L'œuvre immense de Marcelino Menéndez y Pelayo a renouvelé l'image du passé espagnol. Elle reste jusqu'à nos jours l'inventaire le plus fourni et le plus imposant de toutes les richesses culturelles de l'Espagne. Après Balmes, après Donoso Cortés, mais sur un terrain plus accessible, celui de l'érudition et de l'histoire des idées, Menéndez y Pelayo donne à la pensée conservatrice espagnole ses lettres de noblesse. L'érudition libérale ne trouvera jamais une réponse adéquate à cette évocation à la fois simpliste et puissante.

L'érudition espagnole du xixe siècle n'était pas négligeable avant lui, mais Menéndez y Pelayo lui assigne un rôle plus ambitieux, l'élevant à la dignité d'histoire des idées. À la fin de sa vie, achevée symboliquement à la tête de la Bibliothèque nationale de Madrid, le plus grand des érudits espagnols était non seulement la figure intellectuelle la plus représentative de son temps, en Espagne, mais sa véritable conscience culturelle.

La « science espagnole »

Fils d'un professeur d'enseignement secondaire, Menéndez y Pelayo a pu faire des études classiques très poussées, d'abord à Santander, sa ville natale, puis à Barcelone et à Madrid. L'enseignement supérieur de l'époque laisse beaucoup à désirer, et ce n'est qu'avec la génération de Menéndez y Pelayo que l'Espagne comptera ses premiers maîtres d'envergure européenne. Toutefois, l'université catalane connaît, au moment où Pelayo la fréquente, une sorte de renaissance : il y trouve les maîtres de sa vie : M.  Milá y Fontanals, érudit, philologue, spécialiste d'études littéraires médiévales, et F. Llorens, auteur d'Essais critiques où se trouvent, en germe, certaines idées du futur historien de la littérature. L'œuvre de Llorens reflétait l'influence de la philosophie écossaise du common sense. Cette influence se fera sentir aussi chez Pelayo et sera ensuite renforcée par sa rencontre avec Gumersindo Laverde, un des esprits les plus attachants de son temps. Le « réalisme » écossais apparaît aux yeux du jeune Menéndez y Pelayo comme la meilleure réponse philosophique au « krausisme », doctrine d'inspiration idéaliste, d'origine allemande, dont une partie de l'élite espagnole libérale avait fait sa pâture. Ce « réalisme » philosophique, conjugué avec le strict respect de l'orthodoxie catholique, sous-tend toute l'attitude idéologique et culturelle de Menéndez y Pelayo. Très tôt il manifestera son extraordinaire culture et ses dons de polémiste ; sa précocité intellectuelle est devenue légendaire dans le monde hispanique, et non sans raison.

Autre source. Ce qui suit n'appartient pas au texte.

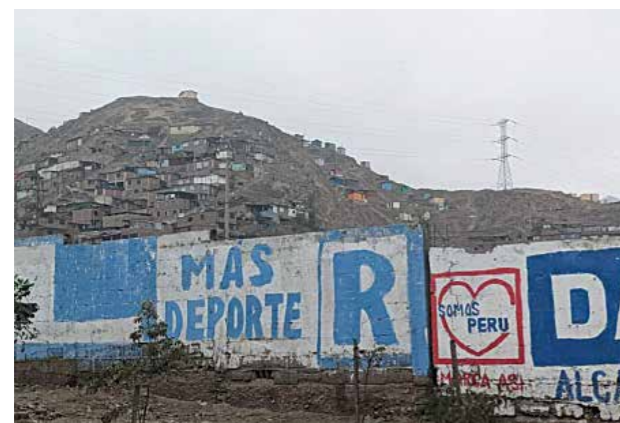
Veel onverslijtbare verkiezingsleuzen in Peru, op lange muren. In dit geval aan de voet van weer een heuvel vol nieuwe huisjes.

Weeffouten genoeg in Lima. Overall sporen van drugsgeld, corruptie. 'Kijk dat schooltje, dat kan hier helemaal niet. In een woonhuis middenin de wijk. Daar moeten de autoriteiten wat toegeschoven hebben gekregen.' Informatie gaat gepaard met grappen, bijvoorbeeld over alle vorige Peruaanse presidenten, die zonder uitzondering in de gevangenis zitten. Of over de corruptie, het witte poeder en jeugdbendes die hele wijken afpersen. Zure grappen, die maar eventjes opvrolijken. 'Doe dat maar niet', als ik mijn telefoon buiten het raam steek voor wat straatbeelden. En als er een motor achter ons rijdt. 'En doe je deur even op slot.'

En 1877, à vingt et un ans, il publie La Ciencia española, premier jalon d'une œuvre monumentale consacrée à la découverte et à la définition nouvelle de l'image, devenue très floue, du rôle et du sens de la culture espagnole. Expression outrée du nationalisme culturel, La Science espagnole doit être tenue pour la réaction véhémente et juvénile du ressentiment profond dont souffre alors la conscience historique de l'Espagne, tiraillée entre une apologie rhétorique de ses anciennes gloires et la tentation de l'autodénigrement. Le titre « science espagnole » doit être pris dans un sens large. Il s'agit de montrer à ses compatriotes l'étendue et la force de la présence culturelle du pays au long de son histoire. Le jeune polémiste, déjà remarquable érudit, centre son plaidoyer sur le xvie siècle, au moment où la pensée espagnole est, sans conteste, l'une des pensées directrices de l'Europe. Paradoxalement, cette apologie de la renaissance catholique du xvie siècle souligne, par contraste, l'effacement, non moins sensible, de la culture espagnole postérieure.

Menéndez y Pelayo décèlera[...]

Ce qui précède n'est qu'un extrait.